Hi Habr! I bring to your attention a translation of the article
Git Virtual File System Design History . To be continued…
The Git Virtual File System (Git Virtual File System, hereinafter GVFS) was created to solve two main tasks:
- Download only files needed by the user.
- Local Git commands should not take into account the entire working directory ( working directory ), but only the files that the user works with.
In our case, the main use case for GVFS is the Windows repository with its 3 million files in the working directory in the amount of 270 GB.
To clone this repository, you will have to download a 100 GB
packfile , which will take several hours. If you still managed to clone it, all local git commands like checkout (3 hours), status (8 minutes) and commit (30 minutes) would take too long due to a linear dependence on the number of files. Despite all these difficulties, we decided to migrate all the Windows code to git. At the same time, we tried to leave git practically untouched, since the popularity of git and the amount of publicly available information about it were among the main reasons for migration.
')
It should be noted that we considered a huge number of alternative solutions before we decided to create GVFS. We will describe in more detail how GVFS works in the following articles, now we will concentrate on the options we have considered and why a virtual file system has been created.
Prehistory
Why monolithic repository?
We will immediately understand the simplest question: why does anyone even need a repository of this size? Just limit the size of your repositories and everything will be fine! Right?
Not so simple. Already
written many articles about the benefits of monolithic repositories. Several large teams at Microsoft have already tried to break their code into many small repositories, and as a result, they were inclined to think that a monolithic repository is better.
Breaking a large amount of code is not easy, moreover, it is not a solution to all problems. This would solve the problem of scaling in each individual repository, but at the same time would complicate changes to several repositories at the same time and as a result, the release of the final product would become more laborious. It turns out that, with the exception of the scaling problem, the development process in a monolithic repository looks much simpler.
VSTS (Visual Studio Team System)
The VSTS toolkit consists of several related services. Therefore, we decided that by placing each of them in a separate git repository, we immediately get rid of the scaling problem, and at the same time create physical boundaries between different parts of the code. In practice, these boundaries did not lead to anything good.
First, we still had to change the code in several repositories at the same time. It took a lot of time to manage dependencies and follow the correct sequence of commit and pull requests, which in turn led to the creation of a huge number of complex and unstable utilities.
Secondly, our release process has become much more complicated. In parallel with the release of a new version of VSTS, every three weeks we release a boxed version of TeamFoundation Server every three months. For TFS to work correctly, it is necessary to install all VSTS services on one computer, that is, all services must understand from which versions of other services they depend. Gathering together services that have been developed completely independently over the past three months has proven to be a daunting task.
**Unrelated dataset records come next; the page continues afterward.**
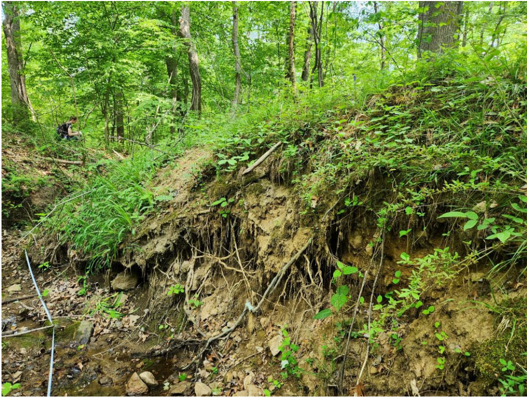
Photo 7 - Deeply incised channel with undercut and eroding banks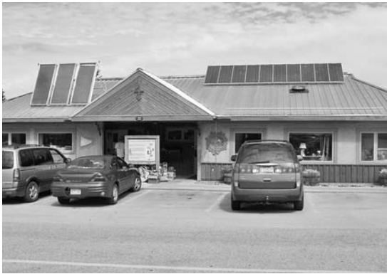
FIGURE 1. Typical straw bale construction.

Mander of Integral Structural Design and architect Craig White of White Design, and is being marketed by Agrifibre. The concept uses prefabricated panels that consist of a timber frame, straw bale in-fill, steel reinforcement, and lime plaster. Prefabricating the panels ensures that panel dimensions can be closely controlled. The panels can be constructed off-site in a dry environment to ensure bales do not get wet.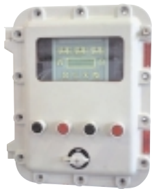
Optional control panel unit

Some of the most important international fashion industries such as Prada, Fendi and Gucci, who have been our customers for years, employ these air purifiers in their establishments.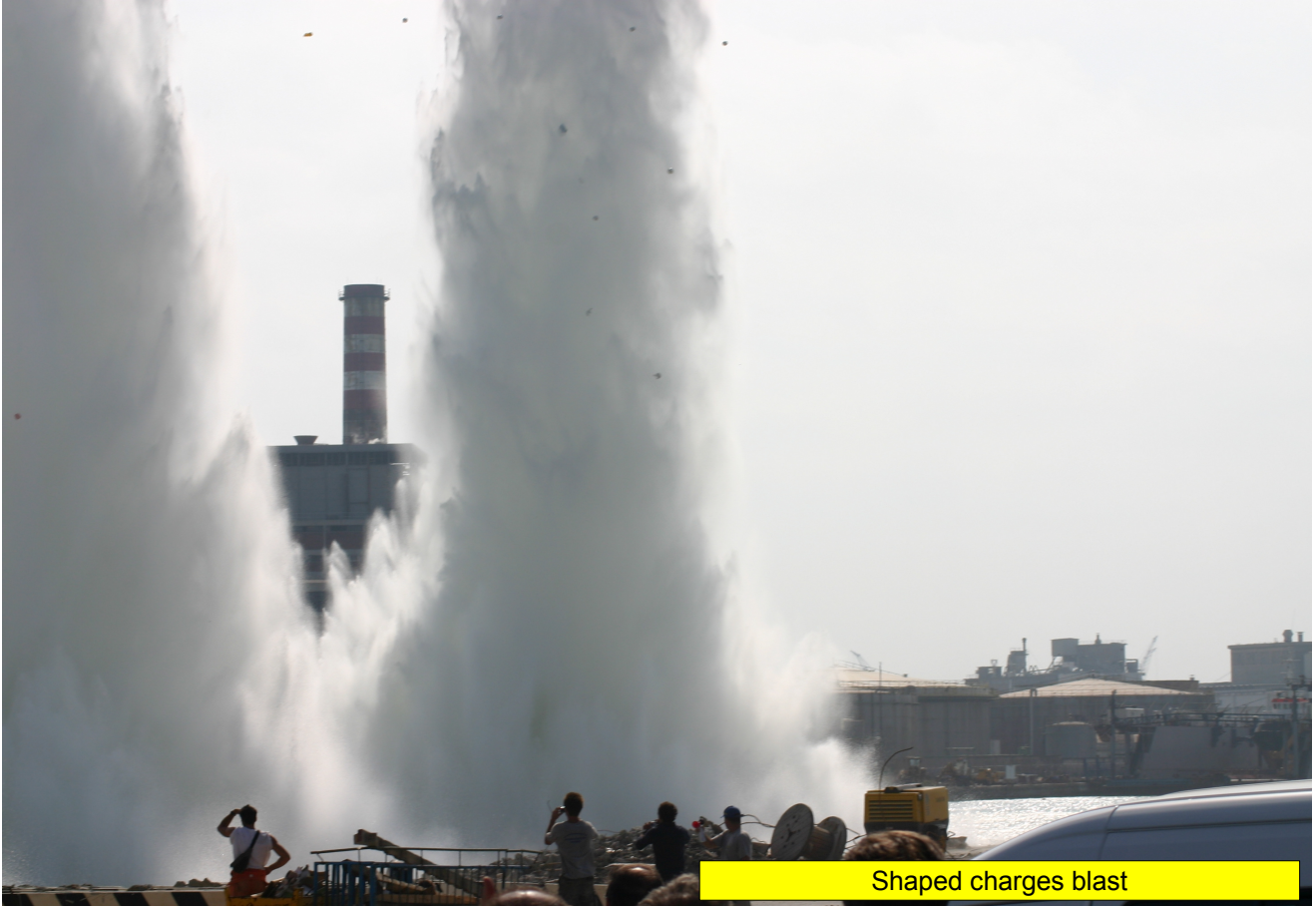
Shaped charges blast

Customer: IPC spa – Italy, year 2006/2007

In the end, we realized that it would be much easier for us to work with a monolithic repository. As a result, all services depended on the same version of any other service. Making changes to one of the services required updating all services dependent on it. Thus, a little more work at the beginning saved us a lot of time with releases. Of course, this meant that we would have to be more cautious about creating new and managing existing dependencies.
Windows
Approximately for the same reasons, the team working on Windows decided to switch to Git. Windows code consists of several components, which theoretically could be split into several repositories. However, this approach had two problems. First, despite the fact that most of the repositories were small, for one of the repositories (OneCore), which occupied about 100 GB, we would still have to solve the problem of scalability. Secondly, such an approach would in no way facilitate the introduction of changes to several repositories at the same time.
Design philosophy
Our philosophy of choosing development tools is that these tools should contribute to the proper organization of our code. If you think your team will be more efficient working in several small repositories, development tools should help you with this. If it seems to you that the team will be more efficient when working with a monolithic repository, your tools should not prevent you from doing so.
Considered alternatives
So over the past few years, we have spent a lot of time trying to get Git to work with large repositories. We list some of the solutions we have considered to solve this problem.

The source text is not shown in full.